The coverage this week of the circumstances surrounding the appointment (or not) of Judge Brian Kavanaugh as an American Supreme Court Justice has been never less than fascinating. The successful prosecution of a sexual assault said to have occurred decades ago seemed to be doomed to failure from the outset. The lack of evidence of ‘early complaint’ (of the offence having recently taken place) – considered a vital component of any such prosecution – was missing from the testament of his female accuser and almost begged for the complaint to be rejected. What reputation would have USA justice earned had he been disqualified on such flimsy ‘accusations’?
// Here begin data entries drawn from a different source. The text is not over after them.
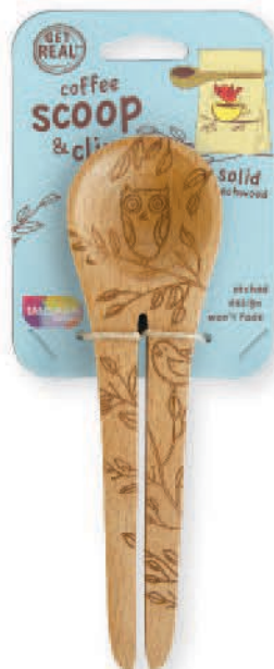
#1204 9" x 3.5" x 1" in packaging

Holds 1 Tbs. of coffee, sugar, etc. Built-in bag sealing clip.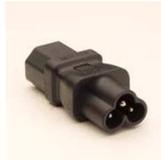
2000-551 Plug adaptor IEC C6 - C13 (3way 5A PSU)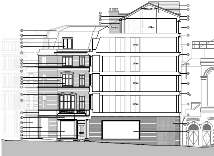
Proposed section through building.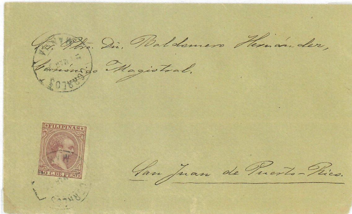
1896 Manila to Puerto Rico.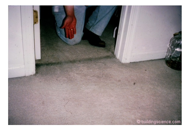
Photograph 1: Carpet as a Filter - Discoloration of carpeting due to particulate accumulation.

The issue kind of went away...for a while...and now is back...with heat pumps. Huh? Time to set things up a bit so sit back and read on.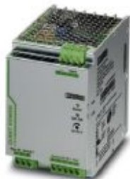
Primary-switched QUINT POWER power supply for DIN rail mounting with SFB (Selective Fuse Breaking) Technology, input: 1-phase, output: 48 V DC/10 A

Please be informed that the data shown in this PDF Document is generated from our Online Catalog. Please find the complete data in the user's documentation. Our General Terms of Use for Downloads are valid ( http://phoenixcontact.com/download )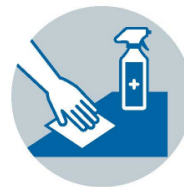
Clean and disinfect frequently touched objects and surfaces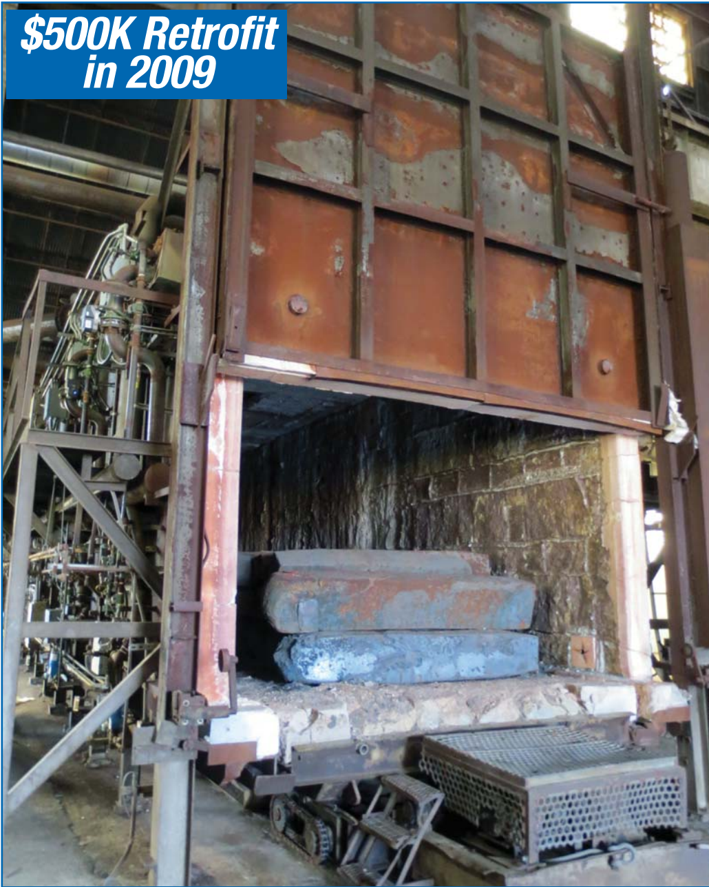
HEAT TREAT FURNACE CAR BOTTOM FURNACE

HEAT TREAT FURNACE recently upgraded 100 ton car bottom furnace with 19 million BTU/hr. @ 60 ambient air, up to 2300 deg F, 1 to 4 zone operating option, working dimensions – approx. 10ft x 10ft. x 60ft long, fibre walls, curb - hard refractory, sand car bottom seal, spare parts, Furnace #11

She and her Democrat friends, pushing for the truth, had already missed at least one other prime opportunity to make the circumstances known. It was never disputed that the ‘victim’ had known Kavanaugh since their High School days and the fact that he had already been appointed as a high profile judge would not have escaped her notice. Why did she at that time not disclose details of her ordeal via her friends in the Democrat Party in an attempt to block his initial appointment? His right-leaning politics would not have been a secret and he would have already been considered ‘an undesirable’ by them. Were they asleep at the wheel ? – hardly an advertisement for effective Government.
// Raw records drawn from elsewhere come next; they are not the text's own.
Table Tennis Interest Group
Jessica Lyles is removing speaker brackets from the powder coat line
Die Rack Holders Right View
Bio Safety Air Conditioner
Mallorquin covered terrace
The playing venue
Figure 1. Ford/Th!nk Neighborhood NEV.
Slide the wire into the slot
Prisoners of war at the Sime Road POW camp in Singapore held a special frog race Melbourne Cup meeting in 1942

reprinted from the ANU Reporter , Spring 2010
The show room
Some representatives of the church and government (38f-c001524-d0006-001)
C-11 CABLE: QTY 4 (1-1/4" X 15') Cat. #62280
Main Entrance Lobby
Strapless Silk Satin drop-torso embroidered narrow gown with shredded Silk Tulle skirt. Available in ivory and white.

She also had the perfect opportunity to air her grievances at the outset of the # Metoo movement. Had she had no wish to support her sisters with explosive revelations guaranteed to make worldwide headlines – as we have seen? Her recent appearance reeked of brazen political opportunism and no one, surely, who had regard for the law of the land could have countenanced the effective conviction of someone of a sexual assault without a comprehensive investigation of the facts – if they were still available – presented before 12 good persons and true.
I must add that in my experience serious assaults on women can sometimes provoke unpredictable responses. It once fell to me to investigate an offence in which a slightly built young woman had over a weekend been held captive by her boyfriend (?) in a flat in Paddington. He initially stripped her, bound her hand and foot with gut from a squash racquet, taped her mouth with duck tape and beat her relentlessly with a Chelsea boot until she escaped and ran naked along the Edgware Road to the safety of her sisters flat. When I first met her 8 hours later she appeared to not have a square inch of skin that wasn’t plum-coloured from the assault.
With as much sympathy and diplomacy that I could muster – a pre-requisite – I asked her as is the practice; would she be prepared to provide a statement of the facts and prosecute the guy. Her affirmative response is unprintable here. Four weeks down the line and with strict bail conditions in place for him, she disappeared from her workplace and he had recently been seen in the vicinity. We quite quickly received an anonymous phone call to the effect that we could find her at an address in Milton Keynes. Upon our arrival we found them making love in the bathroom when I reminded her of the help she had promised. “I’m sorry Guv’nor – I just love him too much”. The case was dropped but he did something similar to her 9 months later and this time she kept her promise and he was jailed.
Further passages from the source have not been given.